While the catalyst allows the reaction to occur at room temperature, they tend to be expensive, limiting the viability of large-scale use. Furthermore, the healing agent must have a necessary viscosity (i.e. flow fast enough) to fill the entire crack before it is polymerized by the catalyst, but the reaction must occur fast enough that the crack does not expand. Finally, the capsule wall must not be too thick that it does not rupture with the crack, but must be thick enough that it does not rupture prematurely.

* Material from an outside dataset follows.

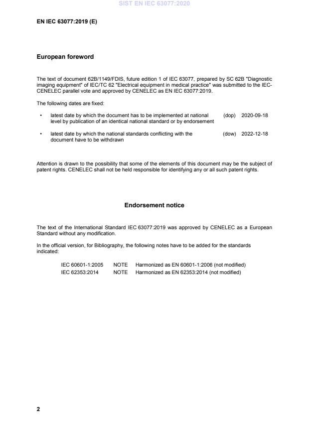 SIST EN IEC 63077:2020 is a standard published by the Slovenian Institute for Standardization (SIST). Its full title is "Good refurbishment practices for medical imaging equipment (IEC 63077:2019)". This standard covers: IEC 63077:2019 describes and defines the PROCESS of REFURBISHMENT of USED MEDICAL IMAGING EQUIPMENT and applies to the restoring of USED MEDICAL IMAGING EQUIPMENT to a condition of safety and performance comparable to that of new MEDICAL IMAGING EQUIPMENT i.e. MEDICAL IMAGING EQUIPMENT that was not in use. This restoration includes actions such as REPAIR, REWORK, software/hardware updates, and the replacement of worn parts with original parts. This document enumerates the actions, that are performed, and the manner consistent, with relevant specifications and service procedures required to ensure that the REFURBISHMENT of MEDICAL IMAGING EQUIPMENT is done without changing the finished MEDICAL IMAGING EQUIPMENT’s performance, safety specifications, or INTENDED USE according to its original or applicable valid registration. The MEDICAL IMAGING EQUIPMENT and systems covered by this document include: – X-RAY EQUIPMENT; – X-RAY EQUIPMENT for RADIOSCOPICALLY GUIDED INTERVENTIONAL PROCEDURES; – X-RAY EQUIPMENT FOR COMPUTED TOMOGRAPHY; – MAGNETIC RESONANCE EQUIPMENT; – ULTRASONIC DIAGNOSTIC EQUIPMENT; – GAMMA CAMERAS; – PLANAR WHOLEBODY IMAGING EQUIPMENT; – equipment for SINGLE PHOTON EMISSION COMPUTED TOMOGRAPHY (SPECT); – SPECT/CT hybrid systems, combining a GAMMA CAMERA with X-RAY EQUIPMENT FOR COMPUTED TOMOGRAPHY (CT); – POSITRON EMISSION TOMOGRAPHS (PET); – PET/CT hybrid systems combining a POSITRON EMISSION TOMOGRAPH with X-RAY EQUIPMENT FOR COMPUTED TOMOGRAPHY (CT); – PET/MRI hybrid systems combining a POSITRON EMISSION TOMOGRAPH with MAGNETIC RESONANCE EQUIPMENT: and – other combinations of the MEDICAL IMAGING EQUIPMENT or systems listed above. This document does not apply to endoscopic equipment, funduscopic equipment, radiation therapy equipment, nor associated systems. IEC 63077:2019 includes the following significant technical changes with respect to IEC PAS 63077:2016: a) the scope was delineated more clearly; b) an informative cross reference list of IEC 63077 vs ISO 13485 (Annex A) was added; c) smaller corrections were performed.

 An example of a healing agent used in these polymers is dicyclopentadiene (or DCPD), with the molecular formula C₁₀H₁₂, and its corresponding catalyst is Grubbs Catalyst (C₄₃H₇₂Cl₂P₂Ru). The DCPD monomers are normally unreactive and are separated from the catalyst by the capsule walls. However, upon being released into the material, they come into contact with the catalyst and form a polymer. The polymerisation reaction can be seen here:

Vascular-based Healing

The second approach – vascular based healing – is similar to the first, involving the storage, release, and polymerisation of monomers at a crack site. However, rather than sitting in capsules, the monomers are continuously flowing through a network of hollow channels, like blood vessels in the human body, made of fibres or glass. These may be single channels, or a branched network. Separate channels hold hardening agents, which act similarly to catalysts in that they react with monomers to facilitate polymerisation, but are different as they form part of the polymer as well and are not chemically unchanged at the end. Cracks in the material cause the vessels to crack accordingly, allowing the monomers and agent to flow into the crack site, react together to form a polymer, and repair it.

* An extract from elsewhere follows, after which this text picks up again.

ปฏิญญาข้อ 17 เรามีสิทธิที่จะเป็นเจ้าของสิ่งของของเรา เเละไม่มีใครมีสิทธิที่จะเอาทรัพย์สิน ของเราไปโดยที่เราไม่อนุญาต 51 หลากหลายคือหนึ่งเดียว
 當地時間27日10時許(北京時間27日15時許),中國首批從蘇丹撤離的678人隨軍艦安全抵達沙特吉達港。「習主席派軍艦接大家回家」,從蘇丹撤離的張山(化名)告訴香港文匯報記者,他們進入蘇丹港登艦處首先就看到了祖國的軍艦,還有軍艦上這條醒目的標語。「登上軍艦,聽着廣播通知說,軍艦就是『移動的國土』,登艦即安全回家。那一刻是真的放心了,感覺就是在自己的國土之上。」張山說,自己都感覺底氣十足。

This method may be more effective as it allows the faster discharge of a greater volume of monomers into the crack site, meaning it can repair larger cracks, and the monomer vessels can repair damage multiple times as monomers flow continuously throughout the network, while the capsules are single-use. However, it is more difficult to implement, and sacrifices the material’s capacity to withstand the strain of heavy loads in the first place, resulting in a weaker material. It is therefore more suited for materials that require continuous use, while capsules are better for disposable products. Below is a visual comparison of the capsule method (top) and the vascular method (bottom):

Intrinsic Healing

The final method is known as intrinsic healing. In this case, unlike the other two methods, the ability to self-heal is an inherent chemical property of the material, as opposed to being facilitated by the release of separate stored chemicals into the crack. This may be done by reversible bonds, in which broken bonds in the material’s polymers can reform under the right conditions, usually the same conditions that allowed the polymers to be formed from its monomers in the first place. Furthermore, if the material consists of cross-linked polymers (i.e. parallel linear polymer chains connected by functional groups sticking out of the side), these cross-linking bonds can be reformed as well.

One example of a reversible reaction used in intrinsic self-healing polymers is the Diels-Alder (or DA) reaction, shown below. It involves the formation of covalent bonds between two functional groups known as furan and maleimide (both displayed below in red on the two leftmost molecules, with furan on the bottom chain and maleimide on the top chain), and is used to cross-link polymers in some plastics. When heated to 80°C for two hours in a polar solvent, the cross-linking bonds break, leaving separated polymers. However, if left at room temperature for seven days, those bonds reform and the plastic restores its original properties. This means the plastic can be easily recycled, with the polymers separated, extracted, and reconnected at a processing plant, and the plastic largely retaining its mechanical properties.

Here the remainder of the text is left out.